Let's look at how the training progresses for different model complexities.

In [None]:
# Train models and track the learning curves
degrees_for_curves = [1, optimal_degree, 3]  # Underfitting, optimal, overfitting
models_curves = []

for degree in degrees_for_curves:
    model = PolynomialRegression(degree=degree, learning_rate=0.01, max_iterations=5000, store_history=True)
    model.fit(X_train_poly, y_train_poly)
    models_curves.append(model)

# Plot the learning curves
plt.figure(figsize=(12, 6))

for i, (model, degree) in enumerate(zip(models_curves, degrees_for_curves)):
    label = 'Underfitting (Linear)' if degree == 1 else \
            'Optimal Fit' if degree == optimal_degree else \
            'Overfitting (High Degree)'
    plt.plot(model.cost_history, label=f'{label} (Degree {degree})')

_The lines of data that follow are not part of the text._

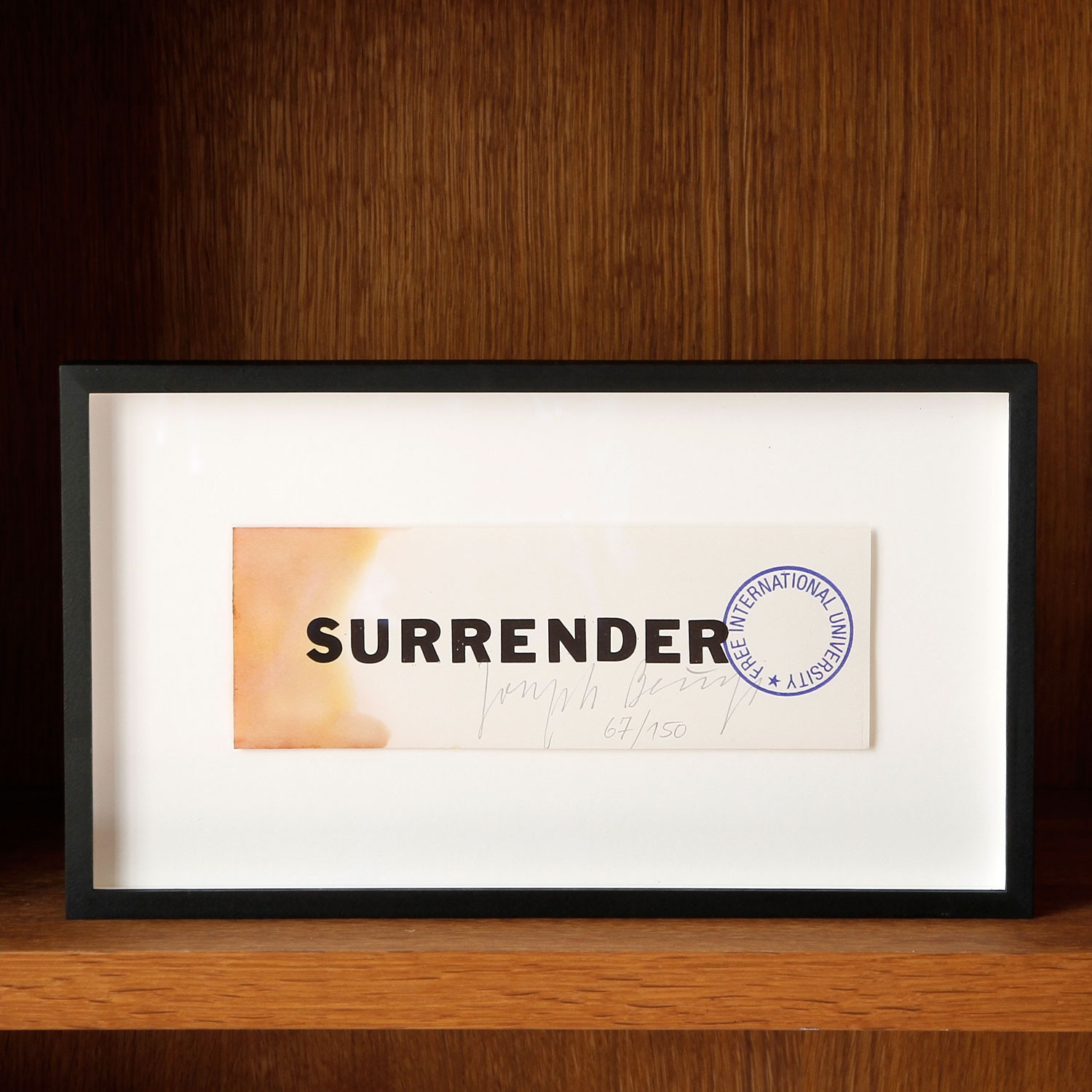 Im Art Institute of Chicago nahmen ihn im Rahmen einer Performance in Anspielung auf seine Rolle als Flieger der deutschen Luftwaffe im Zweiten Weltkrieg Studenten gefangen – und warfen Flugblätter mit der Aufschrift „Surrender“ („Ergib‘ dich“) in die Menge. Noch während der Veranstaltung sammelte Beuys die Flugblätter ein und machte erste Multiples daraus. Drei Jahre später verwendete er die Zettel noch einmal für die „Surrender II“-Edition, versah sie mit einem Stempel seiner „Free International University“ und bearbeitete sie in typischer Beuys-Manier: mit fetthaltiger Schuhcreme.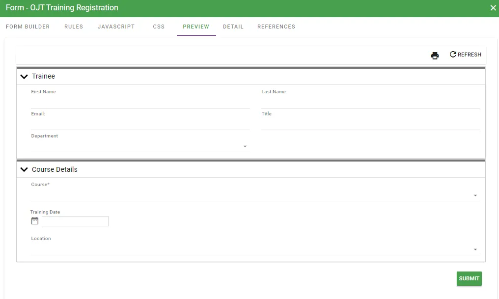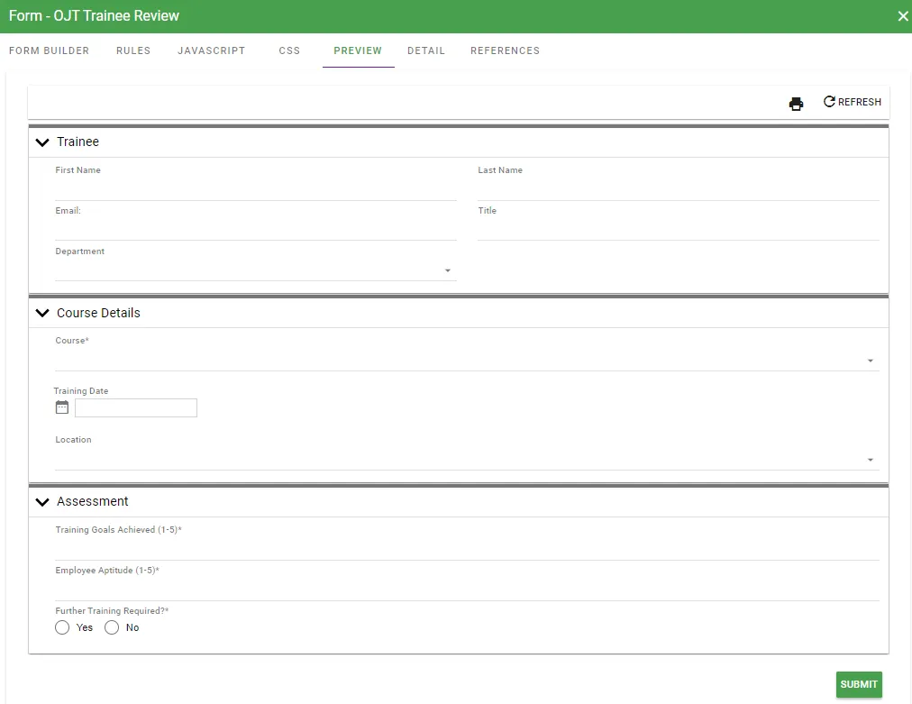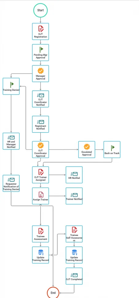 This process app can be used by employers wanting to offer on-the-job training. Requesters begin by selecting their desired course. They’ll be assigned a trainer, the trainer will evaluate them after their time together, and after the trainee performs a self-evaluation, the process will end. Another task already integrated with this process app is the ability to sync up with your database based on the assessments performed by the trainer and trainee.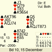 3 NT | W | +2 | -460 | 6 | 10 - 04 | 7 | 10 |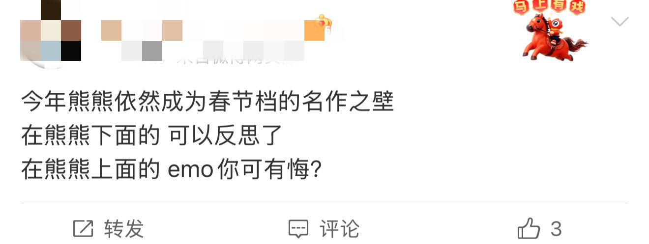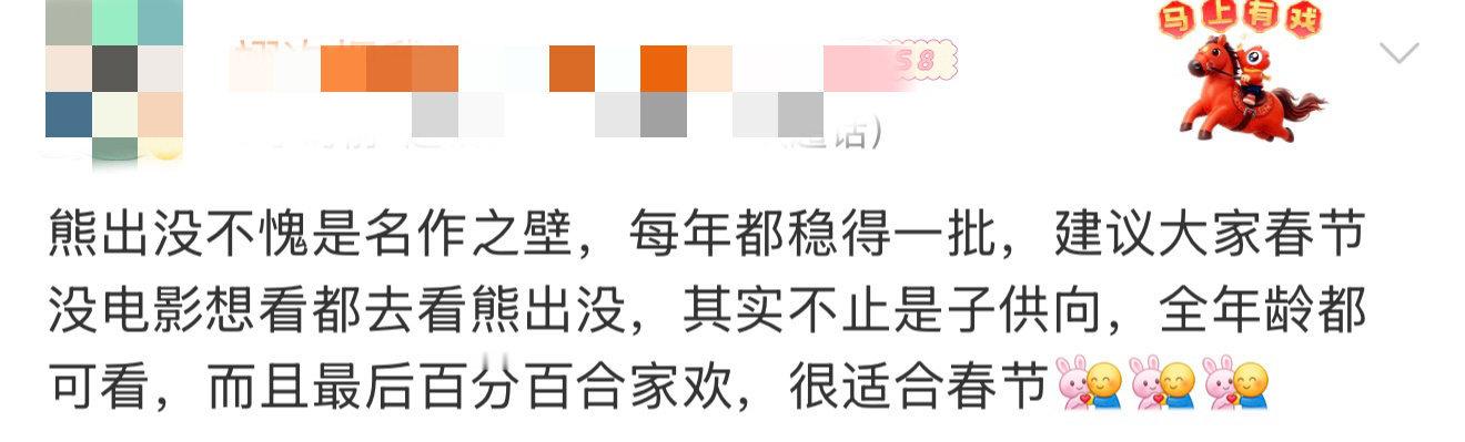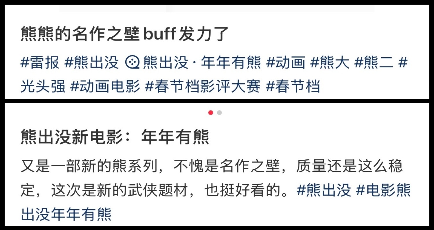 熊出没 春节档名作之壁春节档最长的河,国产动画最稳的船。熊出没用十二载光阴告诉我们:所谓情怀,不是喊出来的,是踏踏实实一年一年拍出来的。熊强三人组,无愧文化英雄。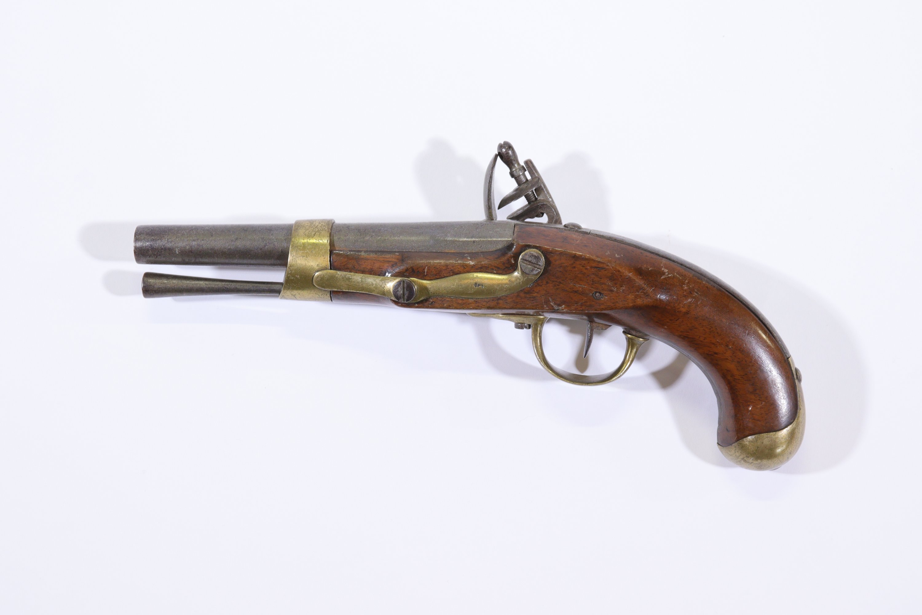 Canon rond à pans au tonnerre, non marqué. Platine avec traces de marquage, chien à corps rond. Garnitures en laiton poinçonné.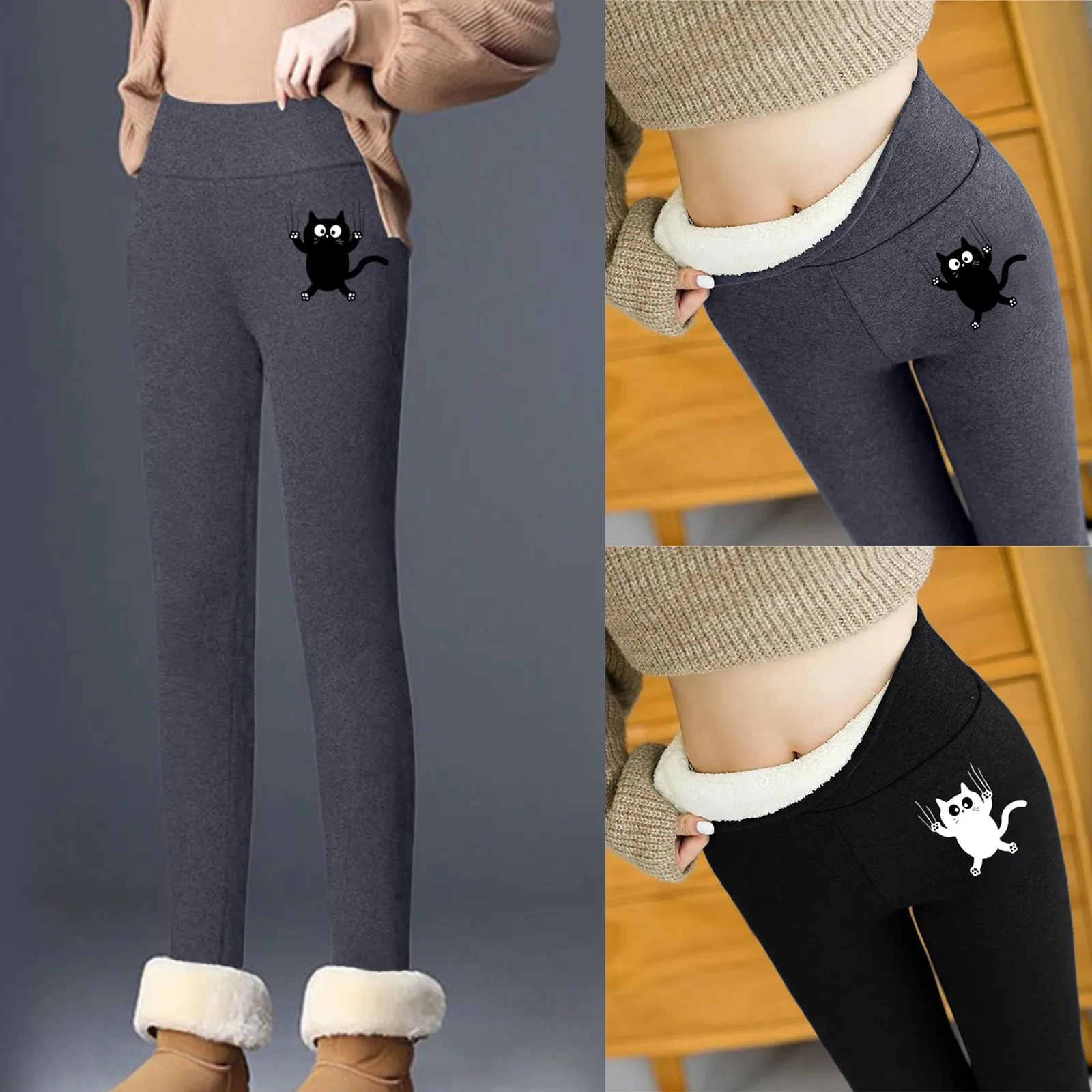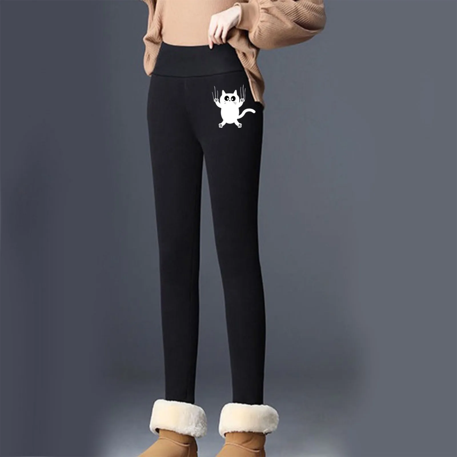 Женские осенне-зимние однотонные брюки с принтом кошек для тренировок дома теплые плюшевые брюки с эластичным поясом леггинсы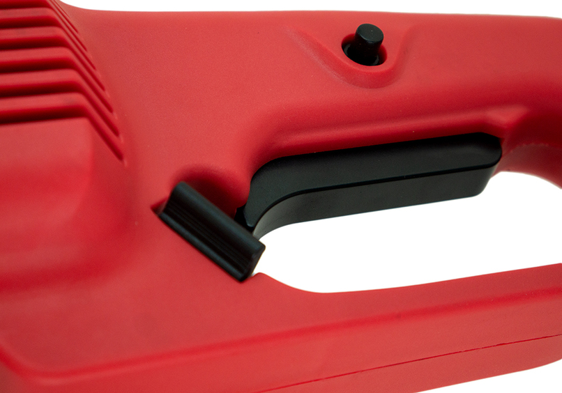 Уменьшенный корпус редуктора позволяет выполнять более глубокий рез. Безопасный включатель с кнопкой фиксации и защитой от непреднамеренного включения облегчает работу в непрерывном режиме и обеспечивает мгновенное отключение инструмента одним нажатием при необходимости.

plt.title('Learning Curves for Different Model Complexities')
plt.xlabel('Iterations')
plt.ylabel('Cost (MSE)')
plt.legend()
plt.grid(True)
plt.ylim(0, 50)  # Adjust as needed
plt.show()

## 5. Learning Curves with Training Set Size

Now let's examine how model performance changes with training set size for different polynomial degrees.

In [None]:
# Generate more data for this experiment
X_more, y_more = generate_nonlinear_data(n_samples=300, function_type='polynomial', noise=1.0)
X_more = X_more.reshape(-1, 1)  # Reshape for our model

# Split into training and validation
X_train_more, X_val_more, y_train_more, y_val_more = train_test_split(X_more, y_more, test_size=0.3, random_state=42)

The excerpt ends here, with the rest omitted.